If the core of this passage is about sacrifice by Jesus, the Suffering Servant, what does this mean for us? A better way to understand the answer to this question is to ask the question, who are we in the story? We might find ourselves as any one of a number of characters in this play. We might be different characters at different times in our life. Today, I would suggest it is beneficial to identify with an often overlooked character, Barabbas. Barabbas was a convicted criminal, of whom there was no doubt as to his guilt. He was quite possibly a bandit, which in this context may have meant a revolutionary opposed to Roman authority. If this is the case, he might be an admirable person. It is also possible that he was a common thief or highway robber, in which case he is less admirable. In any event, Barabbas was guilty of the crimes he was charged with. This is unlike Jesus who committed no acts of violence and was only peaceably preaching His message.
We all remember how the story goes. It was the custom to release a prisoner during the festival of the Passover. Pilate offers the crowd a choice, Jesus or Barabbas. Of course, the crowd chooses to condemn Jesus, and so it goes. However, if we conceive of ourselves as Barabbas then the magnitude of what Jesus has done for us becomes readily apparent.
Is it not clear that at many levels we are Barabbas? We are sinners, we are venal, and we are most assuredly guilty. Yet, like Barabbas, Jesus has set us free. He has done so without condition. Jesus’s sacrifice has removed the verdict of guilt that previously hung over us. We are now free to go forward with our lives.

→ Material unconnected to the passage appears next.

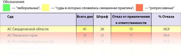 Среднюю прослойку списка составляют суды из 13 регионов (31%), из которых наиболее занят интересующими нас делами был Арбитражный суд Свердловской области, рассмотревший 41 эпизод торговли нелегальными предметами сочинской тематики (26 решений о штрафе, 15 — об отказе от привлечения). Идеальный баланс сохранил только АС Мурманской области, прощавший и штрафовавший поровну — по три раза.

The Scriptures do not say what Barabbas did with his freedom. For all we know he may have ended back in the gallows. One hopes he did something positive with the freedom Jesus provided for him. The important question for us is, what shall we do with our freedom? How will we respond to the gift of our bonds having been broken? Like Barabbas, we have had the chains of death broken, we believe, once for all. If we truly believe this, if we truly trust that God’s Good and Gracious Word is true, and that the resurrection is real, then we also trust that Jesus Christ is Lord. If this be our faith, then the only response is to live as Jesus taught us, as best we humanly can.
We are now free to get up every day, freed by the knowledge that our salvation is assured through our faith that Jesus conquered death. We can then boldly go out, with heaven in our back pocket and find new and interesting ways to kick Satan’s ass! We need only look to Jesus, the Suffering Servant to see what this looks like.
So, this Palm Sunday, commit to getting in touch with your inner Barabbas, and remember that we have been set free, through nothing that we have done, but as a free gift from God via His Son. Then freely and joyously live like a condemned person newly set loose. Remembering that we have been set free to love and serve boldly. Just a reminder that we have been set free to believe and then obey.